Portugal, also, is mostly not in the correct time zone. In continental Portugal, when the clock strikes 12 a.m. it is according to sun time only 11:25 a.m. on its west coast (highest population density). In the Portuguese islands, the time zones seem to be the result of some confusion. For the Madeira archipelago, the perfect time-zone would actually be Azores time, instead of Western European Time. Given the present circumstances, when the clock strikes 12 a.m. it is only 10:45 a.m. according to sun time.

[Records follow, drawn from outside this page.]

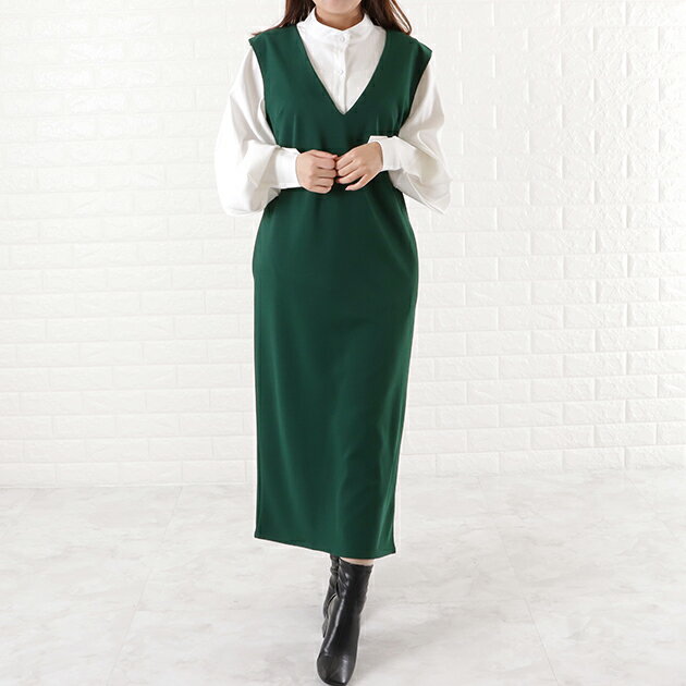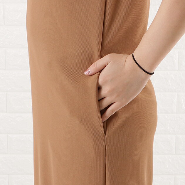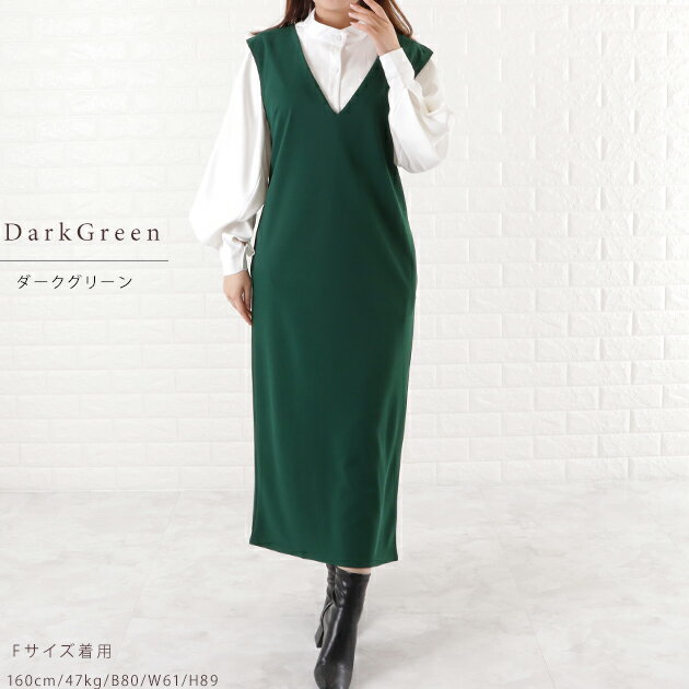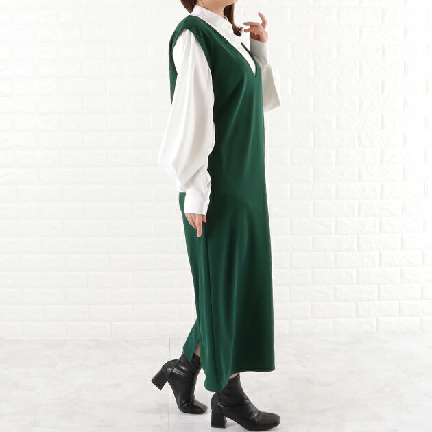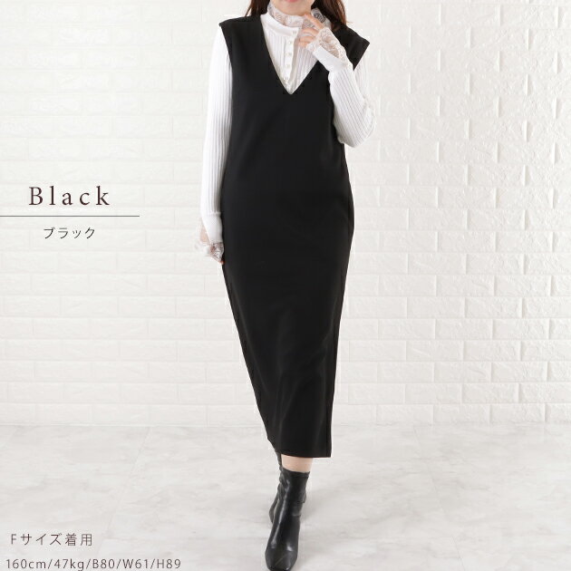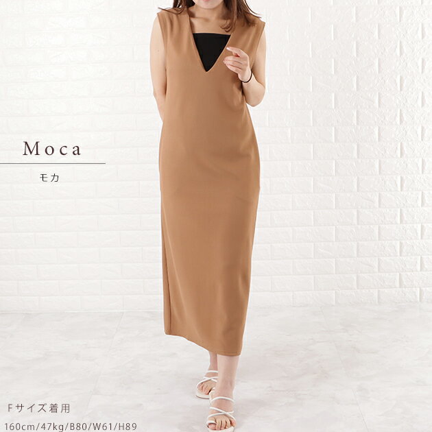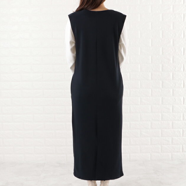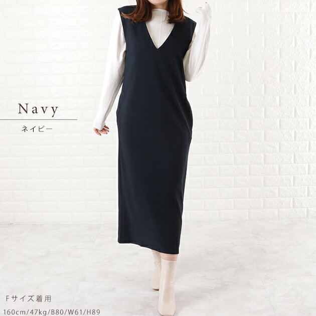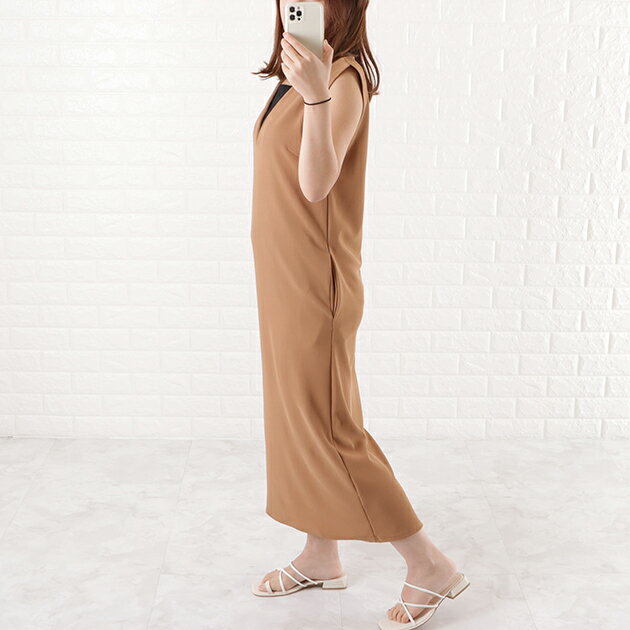 Vネックロング ジャンパースカート ジャンスカ ワンピース オールインワン ノースリーブ ポケット付き 前Vネック 体型カバー 黒 ダークグレー ネイビー モカ OL 春 夏 秋 冬 マタニティ シンプル カジュアル レディース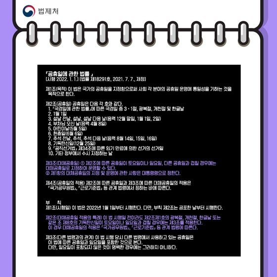 2022년 1월1일부터 시행되는 「공휴일에 관한 법률」에서는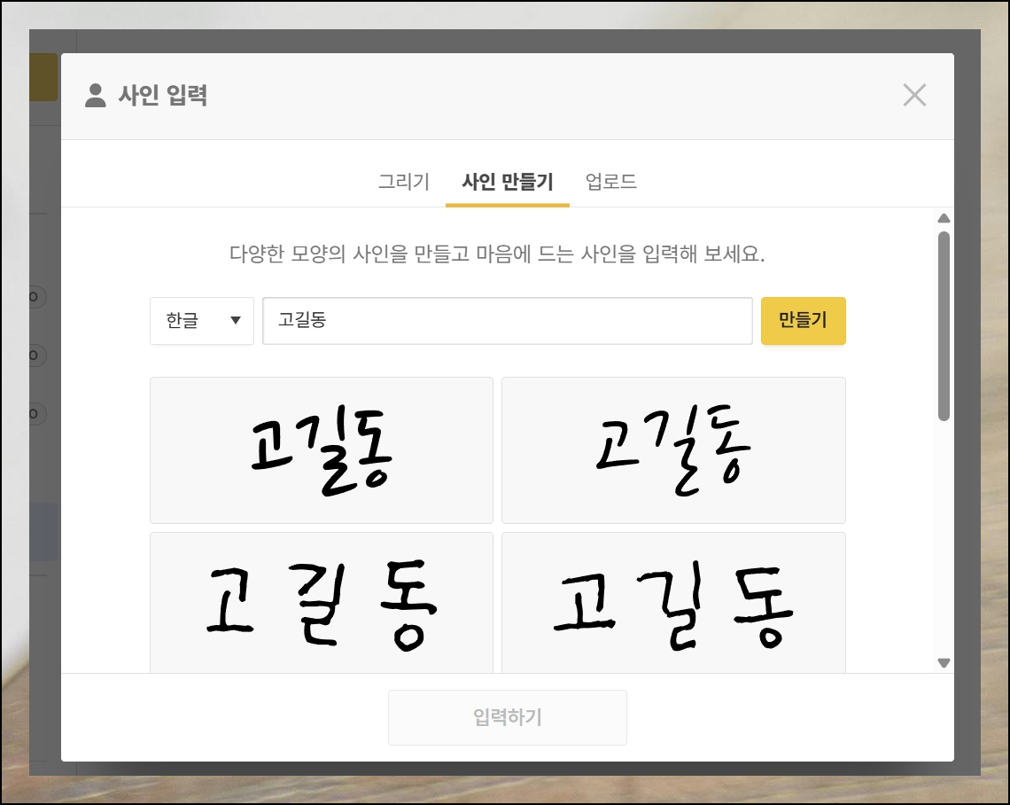 프로그램에서 그리기 기능을 써서 서명을 만들어보겠습니다. 이때는 마우스로 직접 서명을 그려야 해요. 다 그리셨으면 입력하기를 클릭하시면 됩니다.

For the Azores archipelago, the ideal time zone would actually be time UTC-2:00. Given the present circumstances, when the clock strikes 12 a.m., depending on the island, it is approximately anywhere between 11:00 a.m. and 11:15 a.m. according to sun time.

Daylight saving time means nothing but applying a time zone further east (see Figure 2). Germany lives during daylight saving time with Eastern European Time. If the midday bells ring at 12 a.m., it is only 10:55 a.m. in the east of Germany and 10:30 a.m. in the west, according to sun time.

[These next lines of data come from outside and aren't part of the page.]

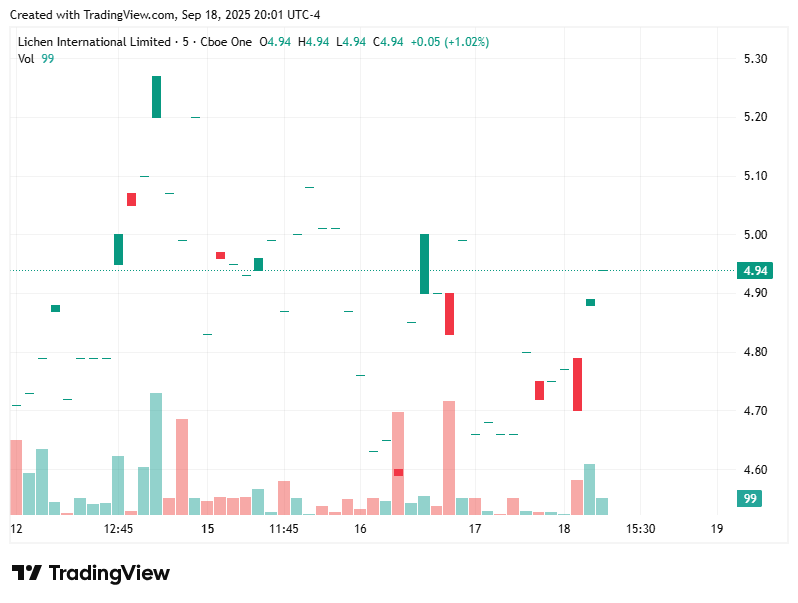 Finally, $LICN was alerted at 7:13 AM and experienced a high of -4.12%. The stock showed downward movement throughout the trading session.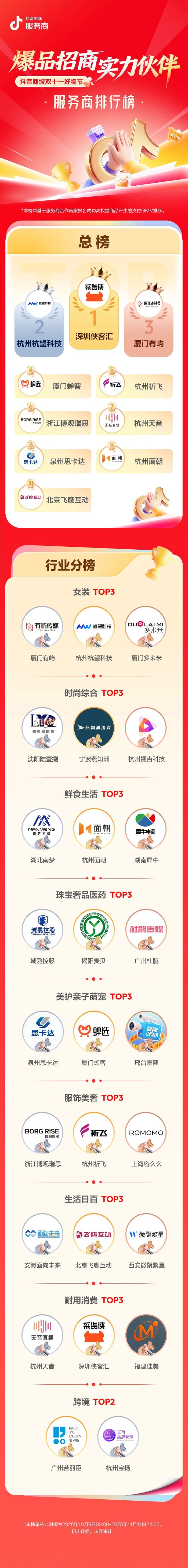 【亿邦原创】今日,抖音电商根据服务商合作商家产生的GMV进行排序,公布了双11的服务商排行总榜:第一名深圳格选(主要经营黄金珠宝类目,也是抖音水贝QIC仓合作企业)、第二名深圳侠客汇(主要经营数码类目)、第三名杭州杭望科技(主要经营女装类目)。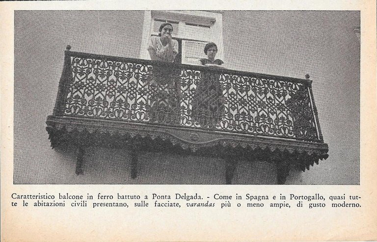Caratteristico balcone in ferro battuto a Ponta Delgada (Azzorre). Stampa 1934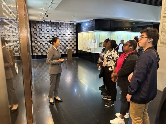 10月23日,在中國(guó)酒文化城,2023“一帶一路”媒體合作論壇聯(lián)合采訪團(tuán)團(tuán)員認(rèn)真聆聽講解。本報(bào)記者 劉書文攝
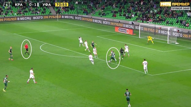 На 71-й минуте матча 11-го тура Тинькофф чемпионата России «Краснодар» — «Уфа» (1:1) арбитр Алексей Сухой ошибочно не назначил пенальти в ворота гостей после единоборства Юрия Журавлева и Гжегожа Крыховяка. Уфимский защитник с фолом остановил проход соперника, однако судья продолжил игру. Видеоарбитры Евгений Турбин и Илья Елеференко в действия рефери не вмешались или не успели вмешаться: момент был очень быстро «заигран».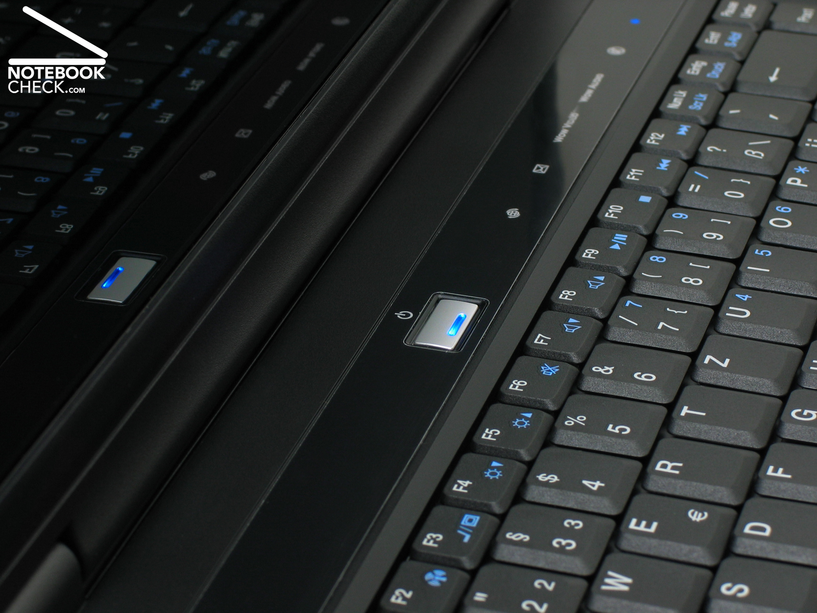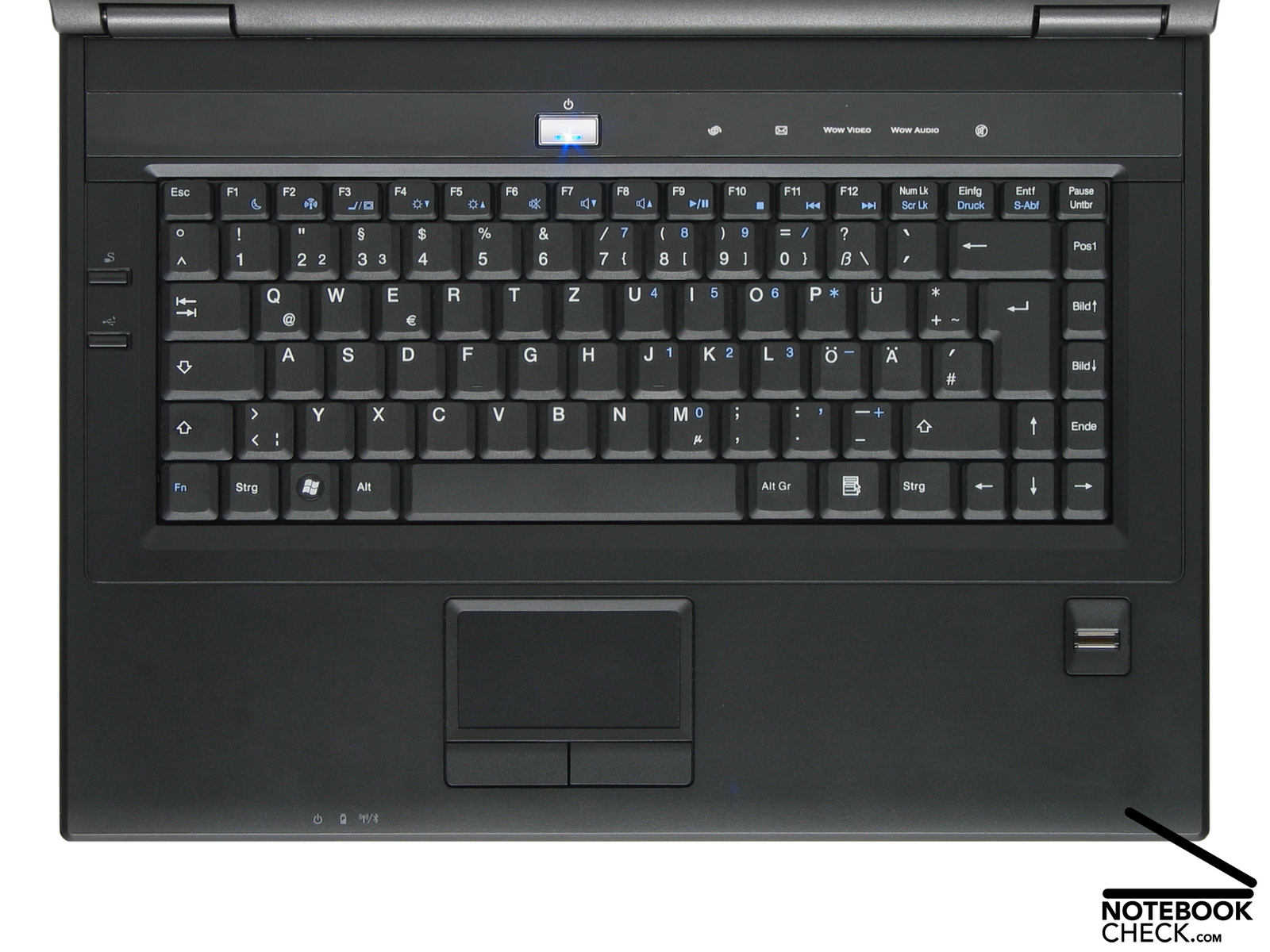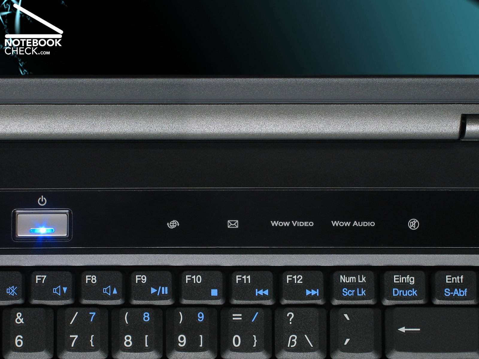 Oft benötigte Systemfunktionen lassen sich beim Znote 3415W mittels sieben Zusatztasten schnell bedienen. Zwei Sondertasten für Spezial-Funktionen sind links neben der Tastatur angeordnet. Mit der einen soll sich der Akku innerhalb einer Stunde zu 70 Prozent laden lassen. Die andere soll einen der links platzierten USB-Ports auch dann mit Strom versorgen, wenn das Notebook ausgeschaltet ist. Ein Trekstor-Player mit Festplatte ließ sich im Test daran aber nicht aufladen. Fünf weitere Zusatztasten für E-Mail, Webbrowser, WoW Video/Audio und zum Abschalten des Sounds sind als Sensorelemente vor dem Display angeordnet. Ungünstig: Die Status-LEDs lassen sich nur schwer ablesen.

Even more dramatic is the discrepancy between social time and sun time in the Western European countries. In Galicia, it is only 9:30 a.m. sun time, when the clock shows 12 a.m.

In the west of continental Portugal daylight saving time means to eat lunch at 10:25 a.m., although the clock is showing 12 o'clock. For Madeira archipelago, midday means 9:45am, while in Azores archipelago, it means between 10.00 and 10:15am, in accordance with solar time.

Decoupling sun time from social time has serious health consequences.

Figure 2: European time zones in daylight saving time. Source: [RoWK19], edited.

However, there is a simple solution: the position of the Member States of the European Union provides optimal conditions for natural time by using geographically adequate time zones [RoWK19] (see Figure 3). It would not even be necessary to let time zone borders run through the middle of countries. Concerns about turning Europe into a patchwork of time zones are also unfounded. The United States has been working with six time zones for over a century, some of which with borders running through states. Why shouldn't Europe be able to do that?


The division presented in figure 3, connects the social time as best as possible with the position of the sun and, thus, with natural time and our internal clock - a solution for the health of all [RoWK19].

Figure 3: Healthy European time zones. Source: [RoWK19], edited.